┌─ Recorded information

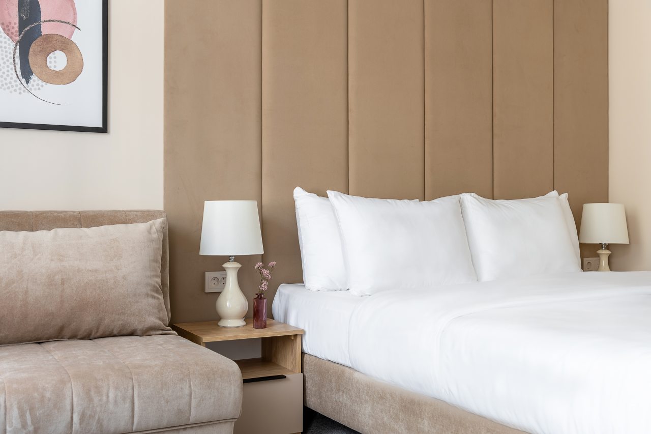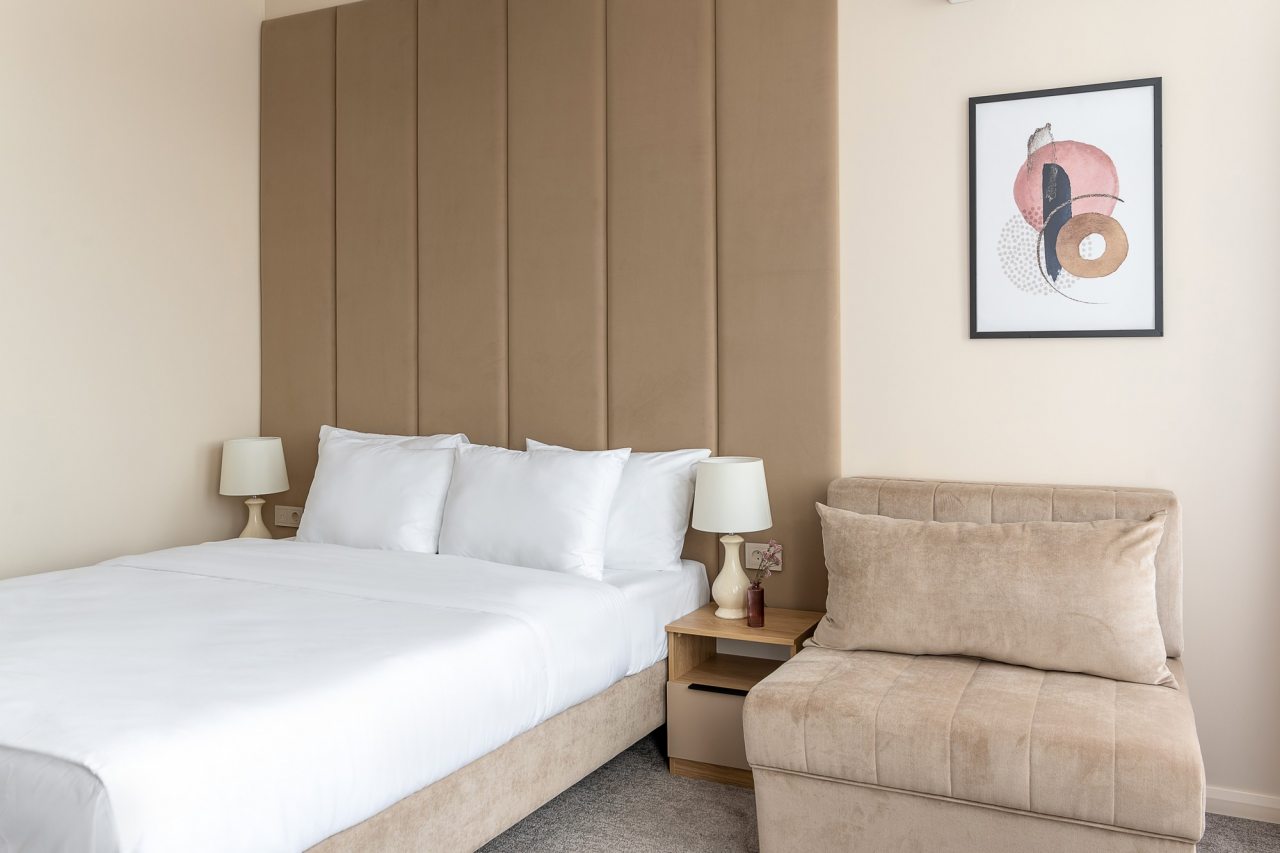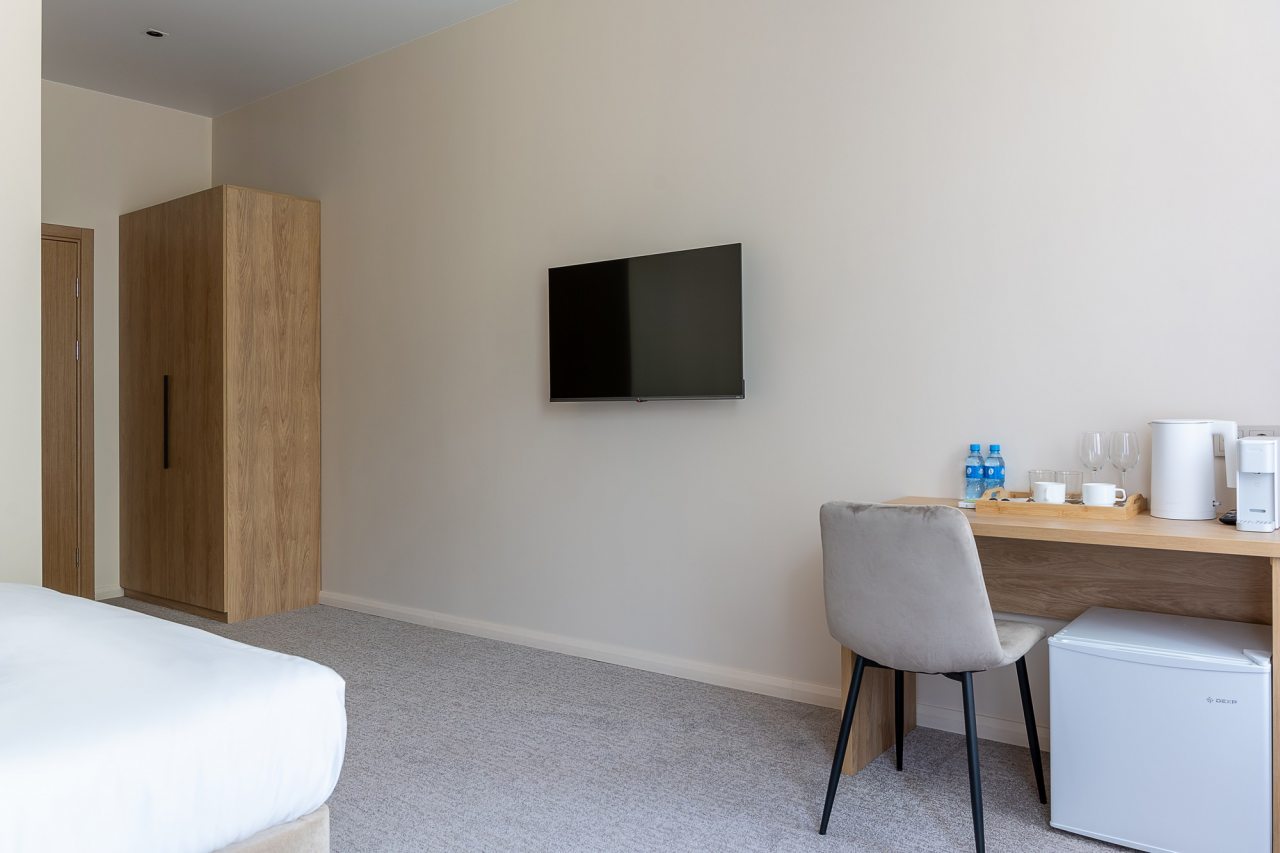 Для гостей доступны номера, различные по вместимости и категориям. Все из них укомплектованы качественной техникой и мебелью, в том числе удобными кроватями с мягким изголовьем, кондиционером, плотными шторами, прикроватными лампами и тумбами, смарт-ТВ. Также предусмотрен собственный санузел с душем и средствами для гигиены.
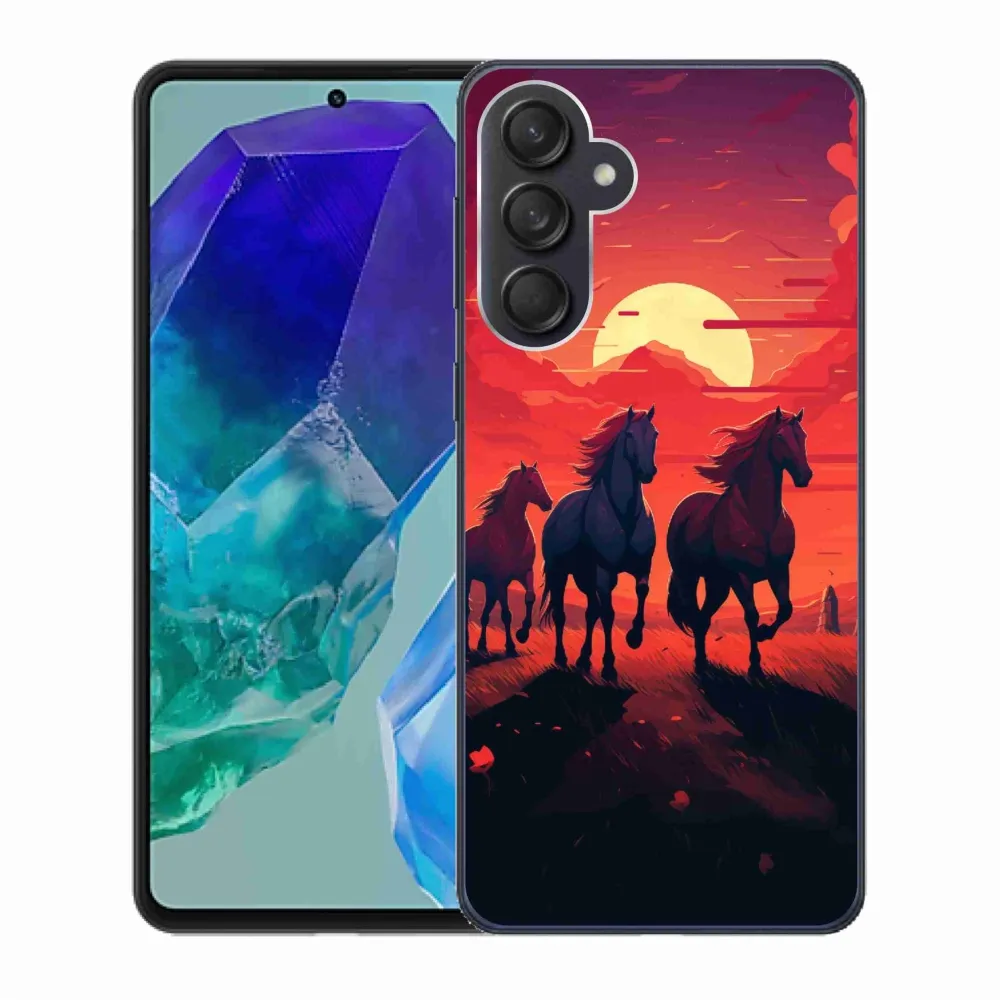 Gél borítás mmCase Samsung Galaxy M55 5G - lovak és naplemente
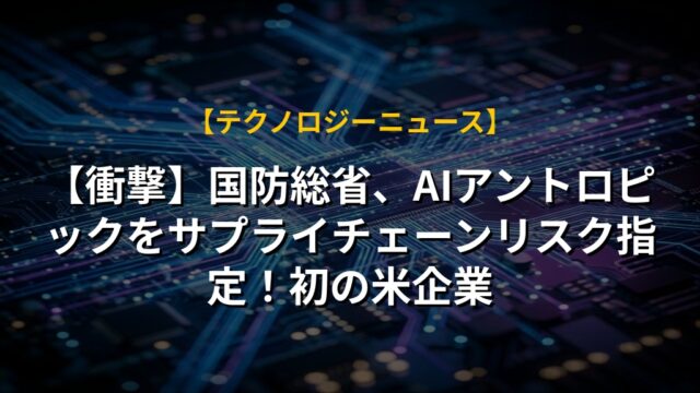【衝撃】国防総省、AIアントロピックをサプライチェーンリスク指定!初の米企業
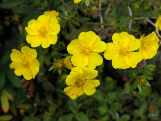 Fjölæringur, blómstönglar allt að 45 sm háir, floshærðir, með löng hár og kirtilhár. Laufin fingruð, smálauf 5-7 talsins, allt að 3,5 sm, aflöng-lensulaga, græn, sagtennt til fjaðurskipt. Blómin mörg, allt að 2,5 sm í þvermál, í hálfsveip. Bikarblöð þríhyrnd-lensulaga, utanbikarblöð bandlaga, jafn löng og eða ögn lengri en bikarblöðin. Krónublöð 12 mm löng, gul, jafn löng og eða ögn lengri en bikarblöðin, öfughjartalaga.
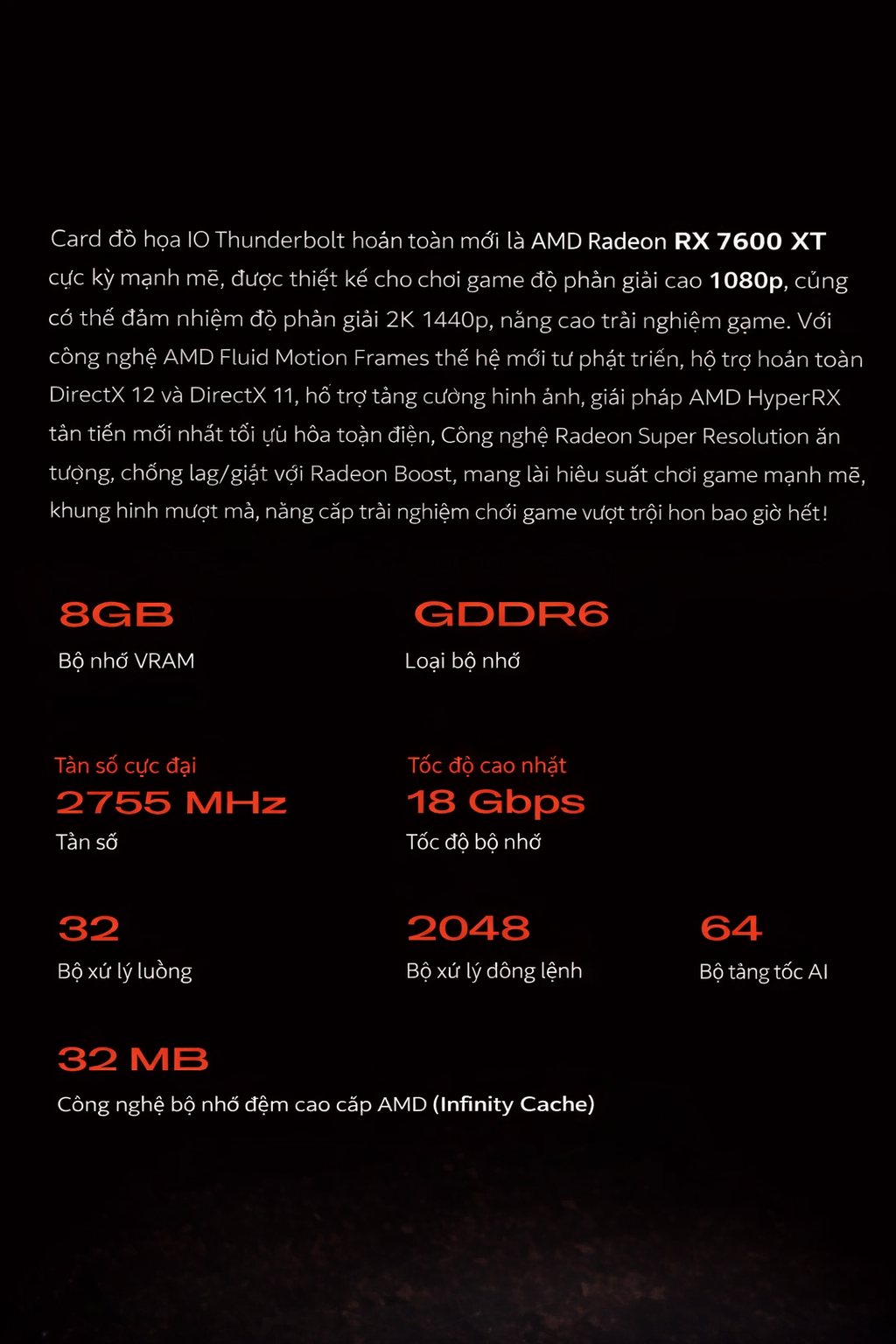 • Hiệu Suất Đồ Họa Ấn Tượng: AMD Radeon RX-7600XT | 7600M 8GB mang lại hiệu suất đồ họa mạnh mẽ, cho phép bạn chơi game và làm việc với đồ họa ở mức cài đặt cao nhất mà không lo giật lag.
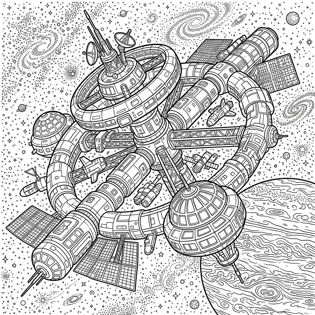 Embark on an interstellar journey with this intricate Planetary Orbital Station coloring page. Discover a futuristic space station orbiting a majestic gas giant, surrounded by a universe of stars and galaxies, ready for your creative touch.
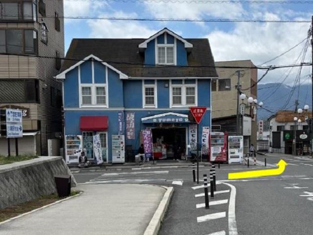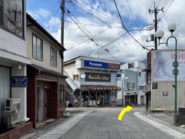 ④ 突き当りの横断歩道を渡り、斜め右方向に進みます。 |

└─

A verbatim copy of every record above is required, with all pictures omitted.

 Для гостей доступны номера, различные по вместимости и категориям. Все из них укомплектованы качественной техникой и мебелью, в том числе удобными кроватями с мягким изголовьем, кондиционером, плотными шторами, прикроватными лампами и тумбами, смарт-ТВ. Также предусмотрен собственный санузел с душем и средствами для гигиены.
 Gél borítás mmCase Samsung Galaxy M55 5G - lovak és naplemente
【衝撃】国防総省、AIアントロピックをサプライチェーンリスク指定!初の米企業
 Fjölæringur, blómstönglar allt að 45 sm háir, floshærðir, með löng hár og kirtilhár. Laufin fingruð, smálauf 5-7 talsins, allt að 3,5 sm, aflöng-lensulaga, græn, sagtennt til fjaðurskipt. Blómin mörg, allt að 2,5 sm í þvermál, í hálfsveip. Bikarblöð þríhyrnd-lensulaga, utanbikarblöð bandlaga, jafn löng og eða ögn lengri en bikarblöðin. Krónublöð 12 mm löng, gul, jafn löng og eða ögn lengri en bikarblöðin, öfughjartalaga.
 • Hiệu Suất Đồ Họa Ấn Tượng: AMD Radeon RX-7600XT | 7600M 8GB mang lại hiệu suất đồ họa mạnh mẽ, cho phép bạn chơi game và làm việc với đồ họa ở mức cài đặt cao nhất mà không lo giật lag.
 Embark on an interstellar journey with this intricate Planetary Orbital Station coloring page. Discover a futuristic space station orbiting a majestic gas giant, surrounded by a universe of stars and galaxies, ready for your creative touch.
 ④ 突き当りの横断歩道を渡り、斜め右方向に進みます。 |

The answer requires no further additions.